■ **What the task requires**
In the entries below, begin at the line with "所以拿起包裝端詳一下,是嚴選" and stop after the line with "据悉,学校2021级本科生军"; output those lines exactly and omit the pictures.
*** Listed entries Section Begins ***
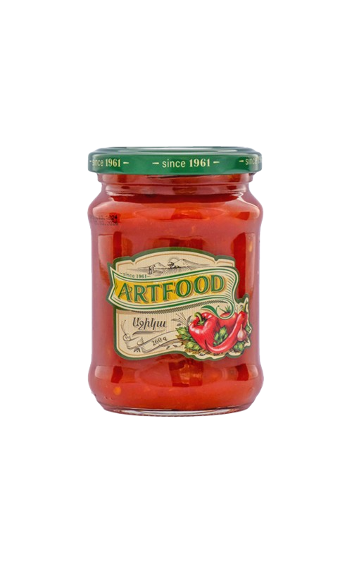 Adjika Store at a temperature of +5°C to +20°C. Ingredients Red sweet pepper, red hot pepper, tomato paste, ground red pepper, garlic, sugar, salt, ground coriander, vegetable oil. Kilocalories 100 g / 61 g Protein 100 g /1 g Fats 100 g /4.5 g Carbohydrates 100 g /4.5 g
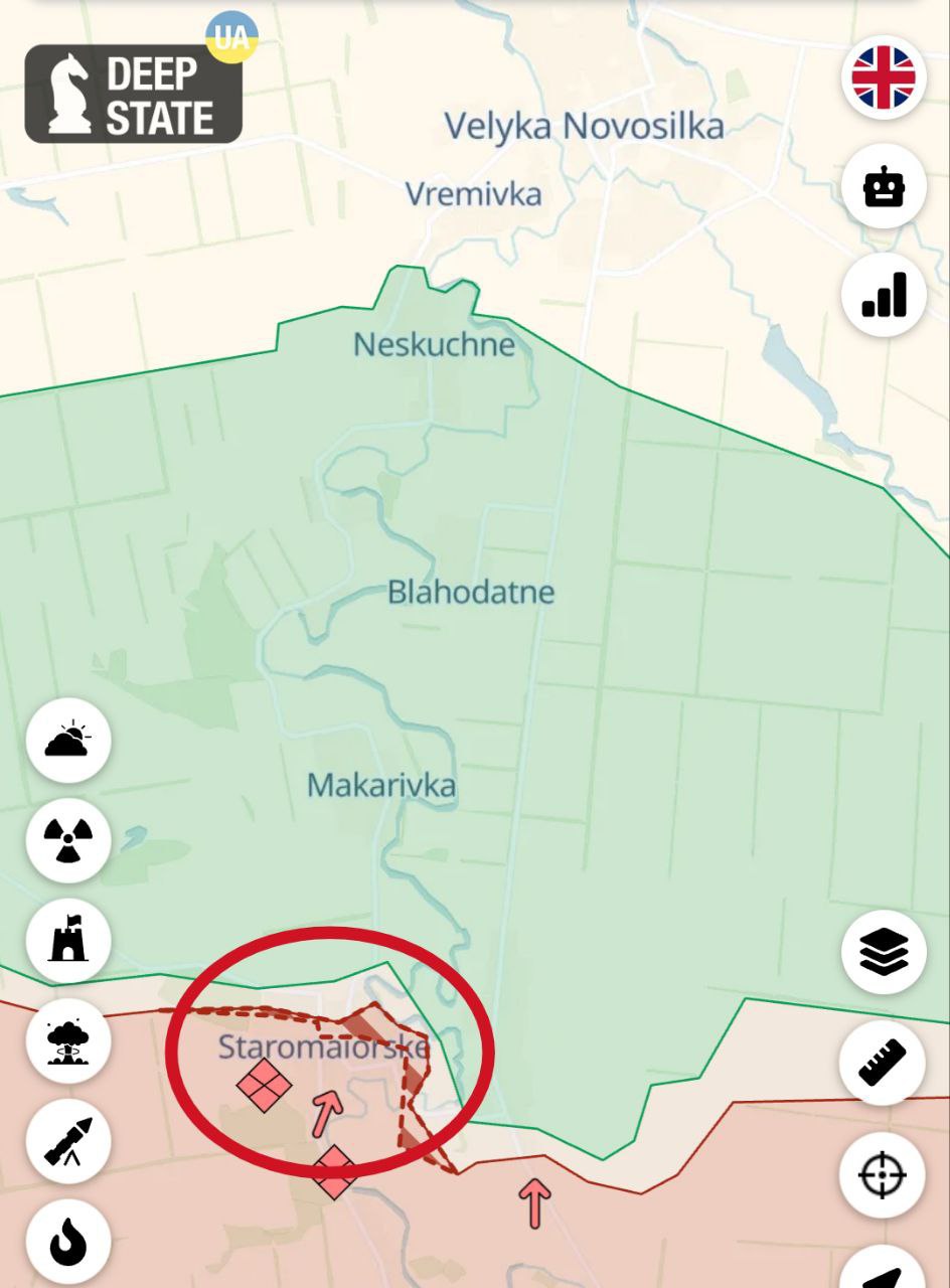 Также паблик сообщает, что россияне продвинулись в Старомайорском на Времьевском выступе.
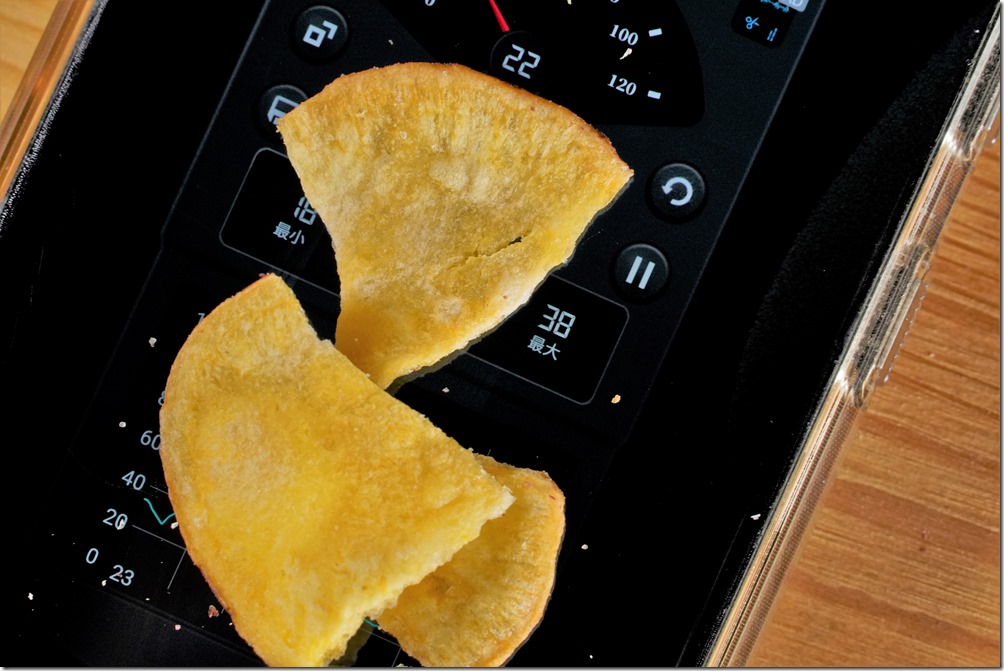 所以拿起包裝端詳一下,是嚴選台灣在地農作,這點非常可以,支持台灣農作瞬間讓我罪惡感少了一半。加上還有經過多項檢測,並採用低溫真空油炸,這好像比起一般洋芋片要健康一點。
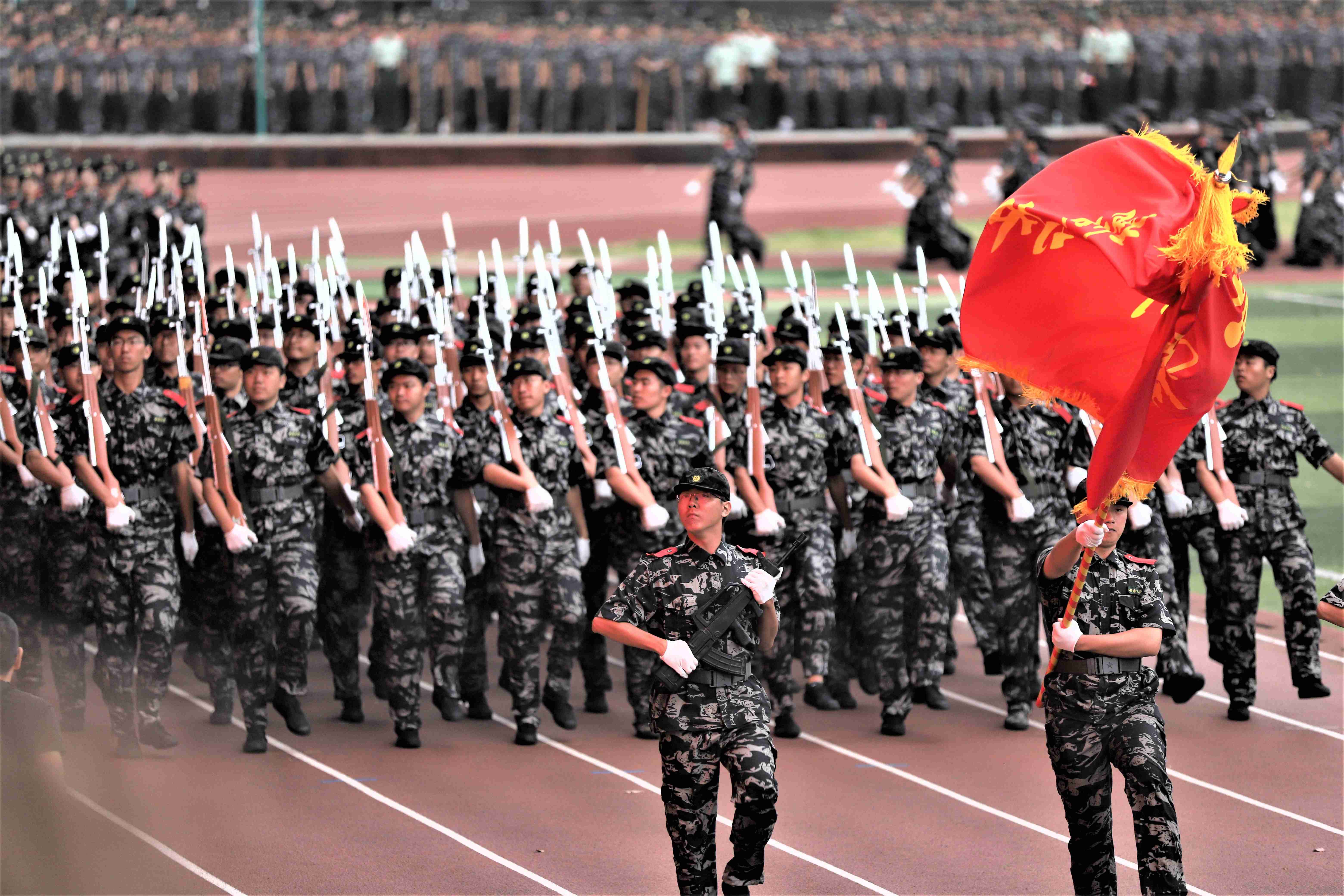 据悉,学校2021级本科生军训从2021年9月13日起,通过分散军训和集中军训两个阶段,按照全员参与、阶段推进、学练结合、基础实用的原则有序组织开展。集中军训阶段,10000余名参训学员全员参与、刻苦训练,认真开展队列动作、分列式、特种战术、心理健康操等科目训练,并认真开展国防教育、人民防空教育、部队光荣传统教育等科目的线上学习活动。在全学年内,学校还将陆续开展内务卫生整理、早操出勤训练、消防技能训练、自救互救训练、考核比武等学习实践活动。帮助新生培养良好学习生活习惯,掌握各项应急技能。
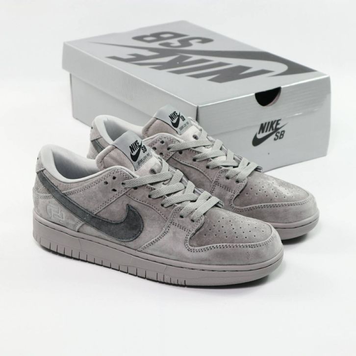 SEPATU NIKE SB DUNK LOW PRO QS CHAMP GREY ORIGINAL BNIB FULL TAG BARCODE BAHAN LEATHER KULIT SUEDE
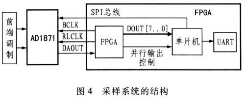 圖4示出采用ADl871構(gòu)成的采樣系統(tǒng)結(jié)構(gòu)。整個系統(tǒng)在1個FPGA上實現(xiàn),分為3部分:并轉(zhuǎn)換模塊;ADC控制和配置;UART通信。
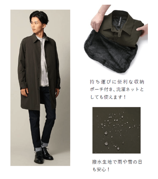 今回発売するコートは袖口と裾口に複数の小さな穴を備えており、洗濯中に表地と裏地の間やポケットなどコート内部に侵入した水が、この穴から外に流れ出す仕組みを取り入れることでマシンウォッシュを可能にしました。また、コートにはメッシュ状のポーチがセットになっており、コートをバッグに入れて持ち運ぶための収納ポーチとして使用できる他に洗濯ネットとしても使えます。生地は小さく折り畳んでもシワになりにくいことに加えて、洗濯後に乾きが早い素材を採用しました。さらに、撥水性も備えているため雨や雪の日も安心です。
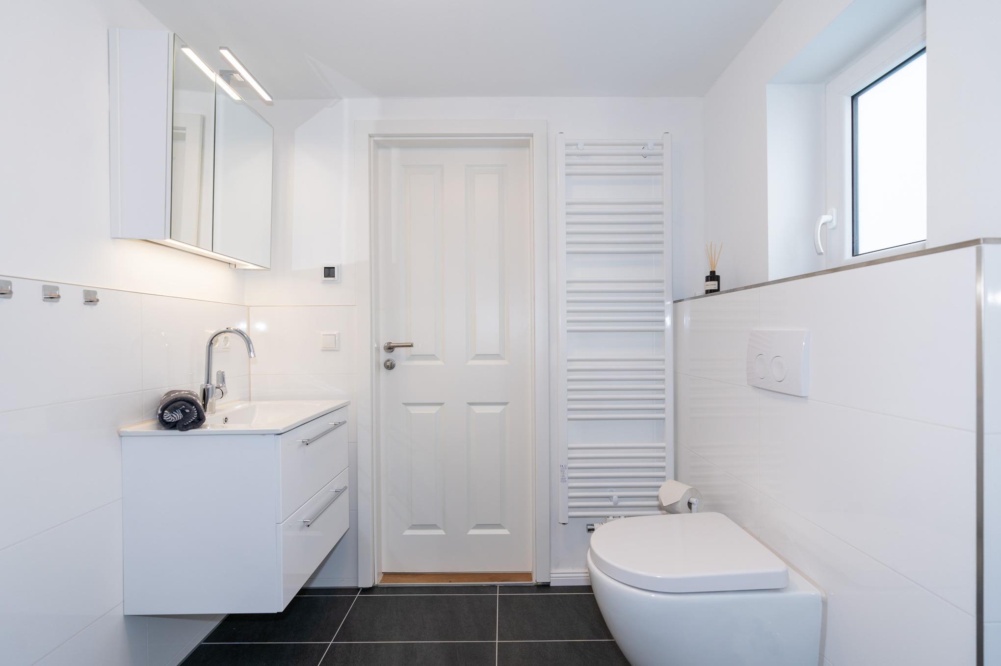Das großzügige Badezimmer mit Fenster verfügt über eine breite und barrierefreie Dusche, ein WC und einen Waschtisch mit Schubladen. Ein beleuchteter Spiegelschrank sorgt für weitere Ablagemöglichkeiten. Die Fußbodenheizung und der zusätzliche Handtuchheizkörper sorgen ein angenehmes Wohlbefinden. Eine Waschmaschine und ein Trockner, welche Ihnen kostenlos zur Verfügung stehen, runden dieses perfekte Bad ab.
*** Listed entries Section Ends ***
■ **Expected output**
 所以拿起包裝端詳一下,是嚴選台灣在地農作,這點非常可以,支持台灣農作瞬間讓我罪惡感少了一半。加上還有經過多項檢測,並採用低溫真空油炸,這好像比起一般洋芋片要健康一點。
 据悉,学校2021级本科生军训从2021年9月13日起,通过分散军训和集中军训两个阶段,按照全员参与、阶段推进、学练结合、基础实用的原则有序组织开展。集中军训阶段,10000余名参训学员全员参与、刻苦训练,认真开展队列动作、分列式、特种战术、心理健康操等科目训练,并认真开展国防教育、人民防空教育、部队光荣传统教育等科目的线上学习活动。在全学年内,学校还将陆续开展内务卫生整理、早操出勤训练、消防技能训练、自救互救训练、考核比武等学习实践活动。帮助新生培养良好学习生活习惯,掌握各项应急技能。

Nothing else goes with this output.